What to produce
For the listing below, output exactly the lines from the line with "Los bellos guipures" up to and including the line with "It will also", and no other lines.

Input

● ● ● ● ●

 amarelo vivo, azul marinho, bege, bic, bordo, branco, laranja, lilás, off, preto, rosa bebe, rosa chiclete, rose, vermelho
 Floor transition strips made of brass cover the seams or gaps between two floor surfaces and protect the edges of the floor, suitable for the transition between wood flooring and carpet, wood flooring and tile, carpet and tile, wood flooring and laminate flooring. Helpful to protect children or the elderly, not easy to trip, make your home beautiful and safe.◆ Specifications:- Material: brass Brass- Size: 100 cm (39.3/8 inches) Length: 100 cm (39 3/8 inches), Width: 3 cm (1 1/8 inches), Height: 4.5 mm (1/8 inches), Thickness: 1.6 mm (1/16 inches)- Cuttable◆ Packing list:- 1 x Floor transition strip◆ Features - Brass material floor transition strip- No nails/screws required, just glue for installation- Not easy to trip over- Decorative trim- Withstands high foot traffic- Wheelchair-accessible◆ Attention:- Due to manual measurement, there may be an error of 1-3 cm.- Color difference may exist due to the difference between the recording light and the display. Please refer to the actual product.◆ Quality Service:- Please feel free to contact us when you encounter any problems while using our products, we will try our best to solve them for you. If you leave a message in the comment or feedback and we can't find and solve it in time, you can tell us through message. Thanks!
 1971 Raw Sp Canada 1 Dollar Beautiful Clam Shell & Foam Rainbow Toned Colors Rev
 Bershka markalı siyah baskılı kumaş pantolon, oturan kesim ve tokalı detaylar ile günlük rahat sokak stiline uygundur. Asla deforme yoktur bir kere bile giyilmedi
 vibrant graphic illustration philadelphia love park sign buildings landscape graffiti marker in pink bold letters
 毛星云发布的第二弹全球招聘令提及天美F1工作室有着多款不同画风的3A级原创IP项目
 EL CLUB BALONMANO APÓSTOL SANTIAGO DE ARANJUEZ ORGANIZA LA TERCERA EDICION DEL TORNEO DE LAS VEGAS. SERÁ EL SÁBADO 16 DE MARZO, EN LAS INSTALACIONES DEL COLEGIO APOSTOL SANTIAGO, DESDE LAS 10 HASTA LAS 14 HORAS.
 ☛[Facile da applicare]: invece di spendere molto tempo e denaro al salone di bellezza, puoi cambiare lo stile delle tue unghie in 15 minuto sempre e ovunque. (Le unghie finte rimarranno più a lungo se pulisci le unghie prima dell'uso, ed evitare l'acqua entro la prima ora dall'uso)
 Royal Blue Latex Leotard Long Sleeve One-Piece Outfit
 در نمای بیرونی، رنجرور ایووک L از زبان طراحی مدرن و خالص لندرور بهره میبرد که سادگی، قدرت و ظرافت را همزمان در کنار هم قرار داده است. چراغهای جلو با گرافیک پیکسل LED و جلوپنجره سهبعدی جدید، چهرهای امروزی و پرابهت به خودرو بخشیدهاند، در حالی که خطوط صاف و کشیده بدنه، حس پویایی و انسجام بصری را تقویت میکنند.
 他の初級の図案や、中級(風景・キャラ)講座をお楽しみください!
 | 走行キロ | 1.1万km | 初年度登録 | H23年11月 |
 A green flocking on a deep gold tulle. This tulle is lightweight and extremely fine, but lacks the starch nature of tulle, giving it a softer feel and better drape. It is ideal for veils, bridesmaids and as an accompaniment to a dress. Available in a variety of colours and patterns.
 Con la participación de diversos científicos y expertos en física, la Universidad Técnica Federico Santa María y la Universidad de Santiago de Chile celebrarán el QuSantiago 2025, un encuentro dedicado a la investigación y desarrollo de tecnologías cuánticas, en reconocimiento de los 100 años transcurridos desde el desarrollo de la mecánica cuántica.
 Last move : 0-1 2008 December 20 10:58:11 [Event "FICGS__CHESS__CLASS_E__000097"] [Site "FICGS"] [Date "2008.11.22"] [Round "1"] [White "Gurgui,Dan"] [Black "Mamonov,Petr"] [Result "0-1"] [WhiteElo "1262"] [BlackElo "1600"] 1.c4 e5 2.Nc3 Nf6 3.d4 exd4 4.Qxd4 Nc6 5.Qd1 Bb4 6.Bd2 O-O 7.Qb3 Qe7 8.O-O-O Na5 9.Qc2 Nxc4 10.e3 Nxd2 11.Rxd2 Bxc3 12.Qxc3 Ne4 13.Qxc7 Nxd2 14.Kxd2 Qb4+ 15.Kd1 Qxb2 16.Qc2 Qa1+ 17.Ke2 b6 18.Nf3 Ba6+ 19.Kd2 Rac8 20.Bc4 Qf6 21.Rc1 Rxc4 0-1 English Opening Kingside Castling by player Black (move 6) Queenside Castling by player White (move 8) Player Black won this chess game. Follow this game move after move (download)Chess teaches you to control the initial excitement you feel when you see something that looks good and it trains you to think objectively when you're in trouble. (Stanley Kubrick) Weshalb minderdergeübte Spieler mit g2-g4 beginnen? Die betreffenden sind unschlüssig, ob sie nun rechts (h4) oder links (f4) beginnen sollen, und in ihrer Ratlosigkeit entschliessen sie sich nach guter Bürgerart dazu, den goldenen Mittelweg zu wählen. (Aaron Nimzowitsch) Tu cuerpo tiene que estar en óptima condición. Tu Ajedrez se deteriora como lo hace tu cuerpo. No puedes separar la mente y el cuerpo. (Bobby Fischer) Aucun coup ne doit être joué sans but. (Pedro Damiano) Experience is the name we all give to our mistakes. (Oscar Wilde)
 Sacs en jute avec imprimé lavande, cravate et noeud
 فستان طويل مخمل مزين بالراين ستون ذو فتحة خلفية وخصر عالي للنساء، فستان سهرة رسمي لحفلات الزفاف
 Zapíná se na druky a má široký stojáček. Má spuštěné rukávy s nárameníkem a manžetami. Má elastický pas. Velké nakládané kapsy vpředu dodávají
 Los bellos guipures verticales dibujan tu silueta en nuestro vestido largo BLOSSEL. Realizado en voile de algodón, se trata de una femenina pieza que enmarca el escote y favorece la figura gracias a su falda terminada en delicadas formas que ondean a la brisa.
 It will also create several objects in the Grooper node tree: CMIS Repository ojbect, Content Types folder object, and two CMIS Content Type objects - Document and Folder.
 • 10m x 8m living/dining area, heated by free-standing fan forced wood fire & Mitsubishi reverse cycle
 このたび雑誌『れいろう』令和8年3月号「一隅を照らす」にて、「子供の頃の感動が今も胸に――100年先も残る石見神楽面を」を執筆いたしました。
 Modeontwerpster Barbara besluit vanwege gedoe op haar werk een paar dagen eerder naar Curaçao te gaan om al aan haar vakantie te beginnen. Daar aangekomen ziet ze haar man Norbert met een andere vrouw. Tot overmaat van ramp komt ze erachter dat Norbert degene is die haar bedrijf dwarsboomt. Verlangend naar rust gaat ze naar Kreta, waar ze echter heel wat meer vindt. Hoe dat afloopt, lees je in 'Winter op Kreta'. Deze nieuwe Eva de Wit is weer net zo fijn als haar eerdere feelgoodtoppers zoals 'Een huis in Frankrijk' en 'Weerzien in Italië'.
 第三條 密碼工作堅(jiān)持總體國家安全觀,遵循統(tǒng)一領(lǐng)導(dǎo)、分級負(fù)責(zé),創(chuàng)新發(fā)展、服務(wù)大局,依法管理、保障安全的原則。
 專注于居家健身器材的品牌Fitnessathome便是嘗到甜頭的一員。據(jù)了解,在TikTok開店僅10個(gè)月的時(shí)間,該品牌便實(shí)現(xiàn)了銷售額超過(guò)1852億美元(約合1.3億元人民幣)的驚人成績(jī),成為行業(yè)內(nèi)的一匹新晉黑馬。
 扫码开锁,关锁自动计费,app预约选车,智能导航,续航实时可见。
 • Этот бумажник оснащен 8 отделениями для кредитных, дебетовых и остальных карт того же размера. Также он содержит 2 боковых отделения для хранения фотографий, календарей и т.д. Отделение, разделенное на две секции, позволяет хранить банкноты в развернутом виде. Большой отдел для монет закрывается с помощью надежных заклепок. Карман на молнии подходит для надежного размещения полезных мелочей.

● ● ● ● ●

Solved problem
 Los bellos guipures verticales dibujan tu silueta en nuestro vestido largo BLOSSEL. Realizado en voile de algodón, se trata de una femenina pieza que enmarca el escote y favorece la figura gracias a su falda terminada en delicadas formas que ondean a la brisa.
 It will also create several objects in the Grooper node tree: CMIS Repository ojbect, Content Types folder object, and two CMIS Content Type objects - Document and Folder.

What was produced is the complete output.